I have a data frame that I want to apply smote to but I wish to only use a subset of the columns. The other columns contain additional data for each sample and I want each new sample to contain the original info as well

[Answer]

There is no way to do that apart of extracting the column in a new matrix and process it with SMOTE. Even if you generate a new samples you have to decide what to put as values there so I don't see how such feature can be added

Answering from a modelling perspective, this is not a good idea and, even if you could find a programming workaround, you should not attempt it - and arguably, this is the reason why the developer of imbalanced-learn above was dismissive even in the thought of adding such a feature in the SMOTE implementation.
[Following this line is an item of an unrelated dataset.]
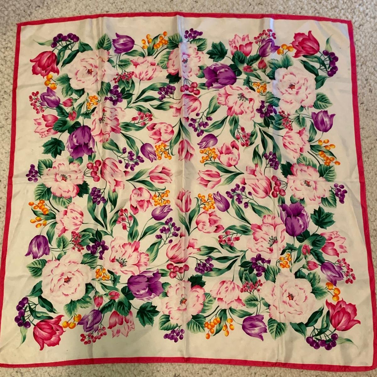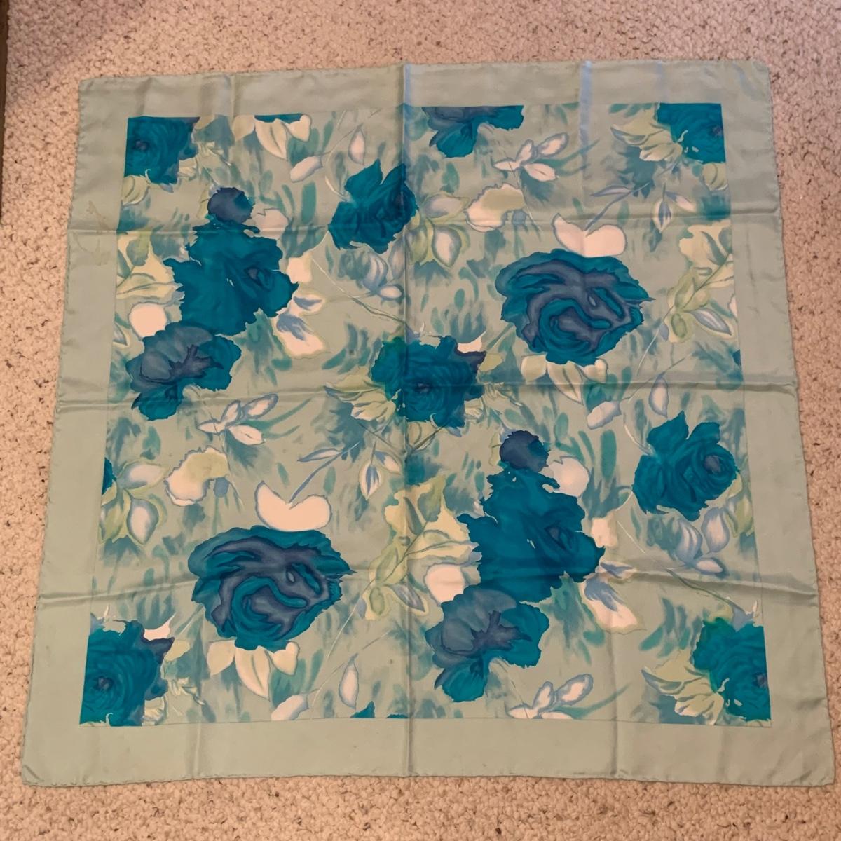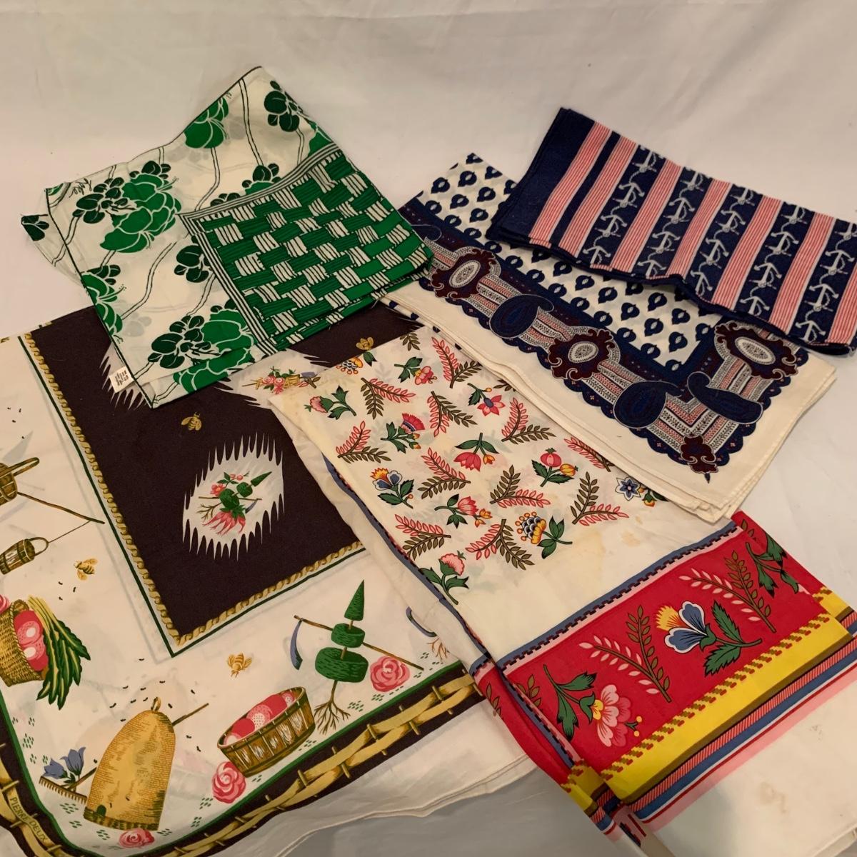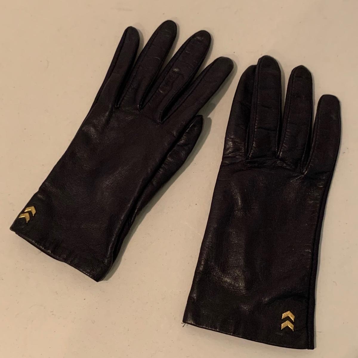 Approximately 25 packages of unopened pantyhose by Christian Dior, Evan-Picone, Hanes, and more, as well as one pair of Jaclyn Smith Cuddle Ups stretch leggings. Sizes are mostly small or medium. Five pairs of gloves, three of which are leather, one is a wool and rabbit fur blend, and one nylon. Only the red pair has a size label (XL), but they all seem to fit small to medium sized hands. Two collars appear to be fur. Four delicate lace handkerchiefs. And a variety of scarves including cotton and silk. A couple stains are shown on items in the photos.

Why is that? Well, synthetic oversampling algorithms, like SMOTE, essentially use some variant of a k-nn approach in order to create artificial samples "between" the existing ones. Given this approach, it goes without saying that, in order for these artificial samples to be indeed "between" the real ones (in a k-nn sense), all the existing (numerical) features must be taken into account.

If, by employing some programming alchemy, you manage at the end to produce new SMOTE samples based only on a subset of your features, putting the unused features back in will destroy any notion of proximity and "betweenness" of these artificial samples to the real ones, thus compromising the whole enterprise by inserting a huge bias in your training set.

In short:

  • If you think your Month and year are indeed useful features, just include them in SMOTE; you may get some nonsensical artificial samples, but this should not be considered a (big) problem for the purpose here.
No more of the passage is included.